I’m a big fan of looking at consensus forecasts. I recommend that they be used in business planning, even if I still prefer my own forecast over the consensus. The logic is that most companies should not be betting on their economic forecast; they should be betting on their ability to serve customers while keeping costs down. Few companies have a comparative advantage in economic forecasting, so just outsource to the average forecast, while keeping in mind the outliers.
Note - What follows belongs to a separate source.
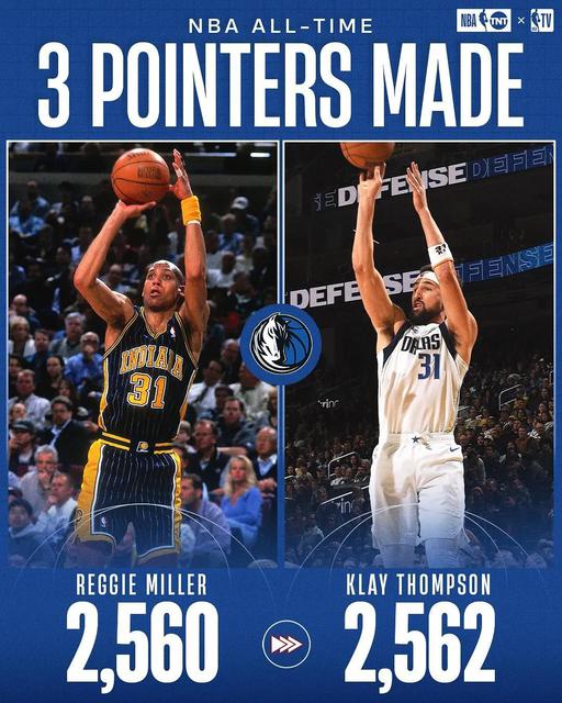 克莱汤普森目前为达拉斯独行侠效力。在圣诞大战中,他也受到了很多粉丝媒体的关注,因为克莱汤普森在这场比赛中的三分球。 10 投 4 中,这也是让他在三分球历史榜上, 2561 三分球排在第五位,超越了传奇名宿雷阿伦!

Let’s talk about how to interpret a consensus. The Fed of Philadelphia just released their Survey of Professional Forecasters. I’m not a big fan of their write-up, so hit the pdf button to see the actual numbers. Here’s the chart:
The first thing I look at is the direction of the forecast: they are saying that the economy will recover from the first-quarter slowdown. Fair enough. I’m with them on that, though my numbers are a bit higher than theirs. Next, I look for the change in the consensus from the prior quarter. That’s the difference between the purple columns (new forecast) and blue columns (old forecast). The fact that forecasters are revising downward is almost as significant as their forecast of a rebound. That’s telling me to take a fresh look at my forecast. (Unfortunately, I’ve got a bunch of paying customers who want various analyses and reports, none of which is an updated economic forecast, so this will have to wait until next week.)
Also fun to look at is their estimate of the odds of a down quarter in the coming year. Their probability of a negative number five quarter out has stabilized at 15 percent, down from over 20 percent in last summer’s survey. Still, 15 percent is about one chance in six, so do some economic contingency planning.
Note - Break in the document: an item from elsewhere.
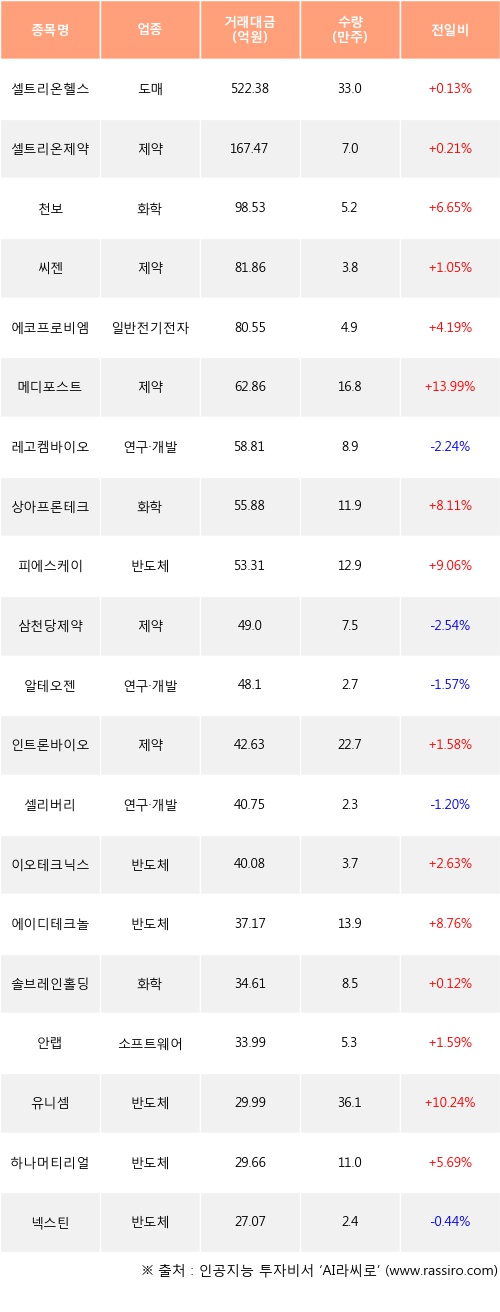 셀트리온헬스케어, 셀트리온제약, 천보 등은 전일 대비 주가가 상승했고, 레고켐바이오, 삼천당제약, 알테오젠 등은 주가가 하락했다.

By the way, let me mention why I don’t like the Philadelphia Fed’s write up of the consensus. First, though, let me acknowledge they do a great service by compiling the numbers and making them available to the public for free. Thanks, guys. But here’s the gripe. Read this:
The forecasters have cut their estimates for growth in 2007, even as their outlook for the labor market holds about steady. On a year-over-year basis, real GDP will grow 2.1 percent in 2007, down 0.7 percentage point from the previous estimate of 2.8 percent.
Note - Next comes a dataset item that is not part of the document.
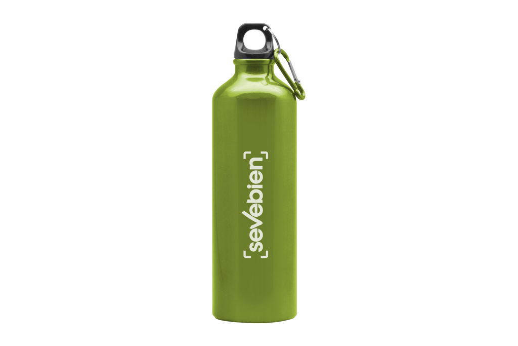 Ø 7,2 x 25,5 cm. Capacidad 750 ml. Aluminio. Botella de aluminio. Tapa a rosca plástica y gancho metálico.

What’s omitted is that the previous forecast was made before we knew how weak first quarter was. Mostly what happened is that the forecasters put in the new historical observation, shaded down their quarterly forecasts, by about three tenths of a percent, and wound up with an annual growth rate that’s 0.7 percentage points slower. The actual forecast didn’t change by anything like 0.7 percentage points. Moral of the story: look at the numbers, skip the words.